Content Organization
- Organize sources logically: Group related documents together for better retrieval.
- Use descriptive names: Give your knowledge bases meaningful names for easier management.
- Consider multiple knowledge bases: Separate domain-specific knowledge for better organization.
Configuration Management
- Reuse configurations: Create configuration templates for consistent setups.
- Environment-specific settings: Use different configurations for development, testing, and production.

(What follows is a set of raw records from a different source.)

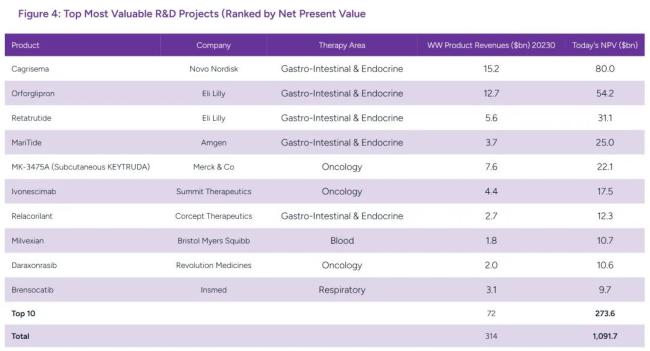 尽管如此,诺和诺德在糖尿病和肥胖领域的开发能力毋庸置疑。后续即将推出的司美格鲁肽复方药物Cagrisema被EvaluatePharma列为最具价值的研发项目,预计其峰值销售额将达到800亿美元。
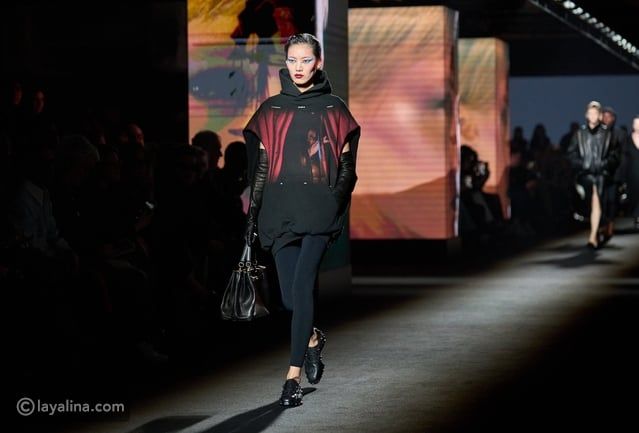 - ظلّت الأجواء متعمدة في استفزازية. معطف البونشو الجلدي الأسود عكس الطابع الليلي القاسي المرتبط بعالم عروض بالنسياغا، بينما استحضرت فساتين البومبر القصيرة، المقترنة بأحذية عالية تصل إلى الفخذ، صور رواد الحياة الليلية وهم يتجولون في شوارع المدينة.
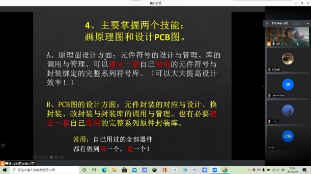 培训讲座根据大学生参加电子竞赛和双创活动由3人协同组合的特点,分为“硬件员”、“软件员”、“设计员”的三个分工模式进行。在前两次培训会上,李老师为同学们讲解了硬件员利用现代软件进行电路原理图和印刷电路图的设计技能入门与提高的技巧;讲授了计算机辅助电子设计仿真软件 Multi SIM在设计员训练中的应用;介绍了软件员的生涯规划和培训计划,从软件员在“三大员”中的作用、电子大赛与双创活动当中的地位等,结合智能车项目鼓励同学们专注编程,努力学习。李老师还按照“控制类模块、单片机的编程语言、单片机与外围模块、控制模块的常见外设、常用数字化传感器模块”等五个方面为同学们进行了详细的介绍,并就之前布置的作业题目进行了认真细心的讲解。第三次培训会上,李老师重点讲解了电子技术元件的知识点、电子元件的“工程图”参数表示方法、电子元件的“元件实物”参数表示方法、焊接工艺、拖焊技术等,并以视频直播的方式进行实践操作演示,进一步加深同学们的了解。

- Monitor performance: Track embedding costs and retrieval quality.
Complete Example
import os
from pathlib import Path
from upsonic import Agent, Task, KnowledgeBase
from upsonic.embeddings import OpenAIEmbedding
from upsonic.vectordb import QdrantProvider
from upsonic.vectordb.config import Config, CoreConfig, ProviderName, Mode
from upsonic.text_splitter.recursive import RecursiveChunker, RecursiveChunkingConfig
from upsonic.loaders.text import TextLoader
from upsonic.loaders.config import TextLoaderConfig
# Create embedding provider
embedding_provider = OpenAIEmbedding()
# Create vector database configuration
config = Config(
core=CoreConfig(
provider_name=ProviderName.QDRANT,
mode=Mode.EMBEDDED,
db_path="./knowledge_vectors",
collection_name="company_knowledge",
vector_size=1536,
recreate_if_exists=False
)
)
vectordb = QdrantProvider(config)
# Create custom components
loader_config = TextLoaderConfig(
strip_whitespace=True,
min_chunk_length=50
)
loader = TextLoader(loader_config)
splitter_config = RecursiveChunkingConfig(
chunk_size=1000,
chunk_overlap=200,
separators=["\n\n", "\n", ". ", "? ", "! ", " ", ""]
)
splitter = RecursiveChunker(splitter_config)
# Create knowledge base
knowledge_base = KnowledgeBase(
sources=["company_docs/", "policies.txt", "Our company values innovation and customer satisfaction."],
embedding_provider=embedding_provider,
vectordb=vectordb,
loaders=[loader],
splitters=[splitter],
use_case="rag_retrieval",
quality_preference="balanced",
name="Company Knowledge Base"
)
# Create agent and task
agent = Agent(name="Company Assistant")
task = Task(
description="What are our company's core values and how do they influence our policies?",
context=[knowledge_base]
)
# Execute task
result = agent.print_do(task)
print("=== KNOWLEDGE BASE SUMMARY ===")
print(f"Knowledge Base: {knowledge_base.name}")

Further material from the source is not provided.